Eisenhower heard no complaint, no excuses in Bradley’s voice. And Bradley would not exaggerate.

“Monty give you any orders?”

“Well, yes. He didn’t want to hear much about what these boys ran into here. Called it a
bloody tiff,
said his boys had one at Sword. Like I said, he pushed me to link our left flank to his right, to seal the landing zones into one secure sector. He’s afraid Rommel will punch through and keep us separated. Collins is doing what he can at Utah to drive some people this way, help us break through to the Rangers from the other direction.” He paused. “That wasn’t the plan, Ike.”

Eisenhower nodded, thinking of the maps. The primary goal of the troops at Utah Beach was to drive hard to cut off the entire Cotentin Peninsula, isolating the crucial port of Cherbourg. Once the peninsula was cut, new troops would land at Utah to drive toward the city itself. One of the essential objectives of the entire operation was to grab a major port city, which would serve as the conduit to feed and equip the ever-growing army.
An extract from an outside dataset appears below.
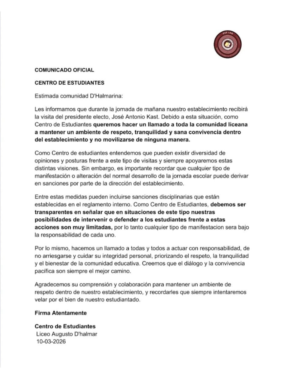 Las alarmas se encendieron luego de que el Centro de Estudiantes (CEE) del liceo publicara un comunicado refiriéndose a la visita de Kast, advirtiendo posibles sanciones por parte de la dirección, ante «cualquier tipo de manifestación o alteración del normal desarrollo de la jornada escolar».

“Plans change, Brad. That’s what Monty does best. He makes damned sure he’s ready before he orders a move. We’re not ready until these beaches are secure, and a mile and a half of bridgehead is not secure. Cherbourg will wait. It’ll still be there. The floating piers should be coming in pretty soon, and that’ll help a hell of a lot.”
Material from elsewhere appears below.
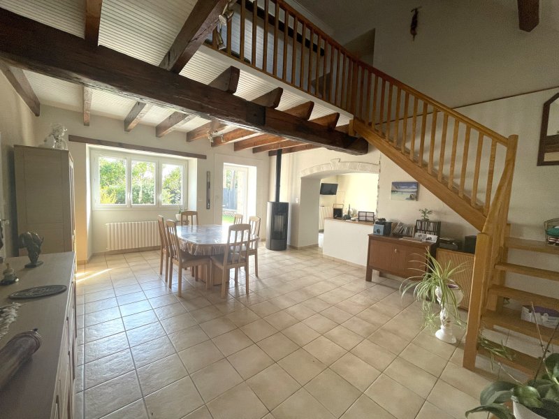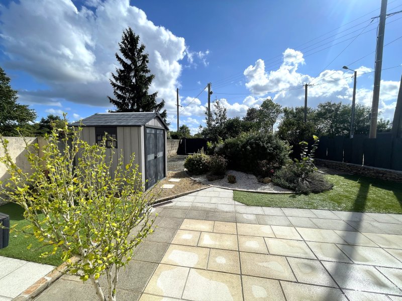 Exclusivité POINSOT Immobilier Saint Mars du Désert - Maison parfaitement entretenue à découvrir ! Construction de base en pierres et extensions - Axe Carquefou - Nort sur Erdre Edifiée sur une parcelle de presque 1000 m2 et d'une surface habitable de plus de 115 m2, elle comprend de plain-pied : une pièce de vie avec poêle à granules récent, un espace cuisine aménagée (Schmidt) et équipée avec également une petite cheminée à foyer ouvert, un espace lumineux, un salon, une salle de bains, un WC séparé et une chambre avec placard. A l'étage : une mezzanine et 2 chambres avec placards aménagés. En annexes : buanderie, grand garage attenant carrelé (47 m2) avec espaces sanitaires dont WC, une cave, un garage indépendant supplémentaire d'environ 50 m2, dépendance pour stockage, cabanon de jardin récent... Cour bitumée, espaces terrasses, jardin clos et arboré, puits, arbres fruitiers : poirier, pommier, pêcher, noyer... Couverture ardoises naturelles, isolation correcte laine de verre et laine de roche, menuiseries récentes double vitrage Alu-PVC, volets roulants motorisés sur l'ensemble des pièces, chaudière gaz de ville avec production d'eau chaude sanitaire, DPE : D Vous souhaitez d'autres renseignements ou programmer un rendez-vous de visite ? Contactez sans tarder votre agence POINSOT Immobilier ! Estelle FERY-DEHEURLE (EI RCS Nantes 479118119) au O6.16.17.19.20. Les informations sur les risques auxquels ce bien est exposé sont disponibles sur le site Géorisques : www.georisques.gouv.fr

“Floating concrete boxes. Yeah, I saw those things. Pretty impressive, if it works. Mulberries. Who thought of that name?”
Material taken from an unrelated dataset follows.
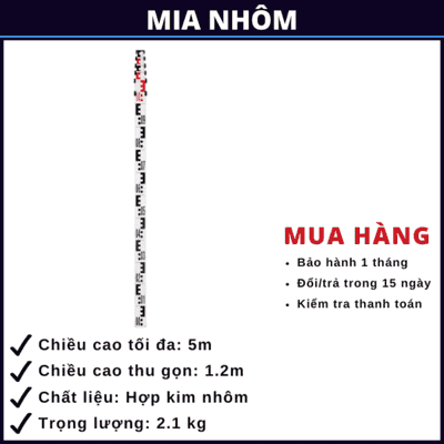 Mia Nhôm LAISAI là thước đo chuyên dụng trong trắc địa và xây dựng, được làm từ hợp kim nhôm bền nhẹ, chống cong vênh và dễ dàng mang theo. Sản phẩm giúp đo chiều cao, khoảng cách và đánh dấu vị trí nhanh chóng, chính xác, phù hợp với kỹ sư, công nhân xây dựng, nhân viên trắc địa hoặc những ai cần công cụ đo đạc tiện lợi, hiệu quả trên công trường. Với thương hiệu LAISAI, mia nhôm đảm bảo độ chính xác cao, bền bỉ và mang đến trải nghiệm sử dụng an toàn, đáng tin cậy.

“Morgan’s people. Pure genius, if you ask me. Until we grab Cherbourg or Antwerp, these beaches will be the best ports we have. No way the enemy could suspect we’re bringing our own docks with us. I don’t think I could have made it as an engineer. I’m like you. Never thought so damned much concrete could float. But it’s floating right now, out there somewhere, big damned blocks of it, and as quick as they get it hauled in here, they’ll sink those things right offshore, and—
bang!
A port. Mulberries.”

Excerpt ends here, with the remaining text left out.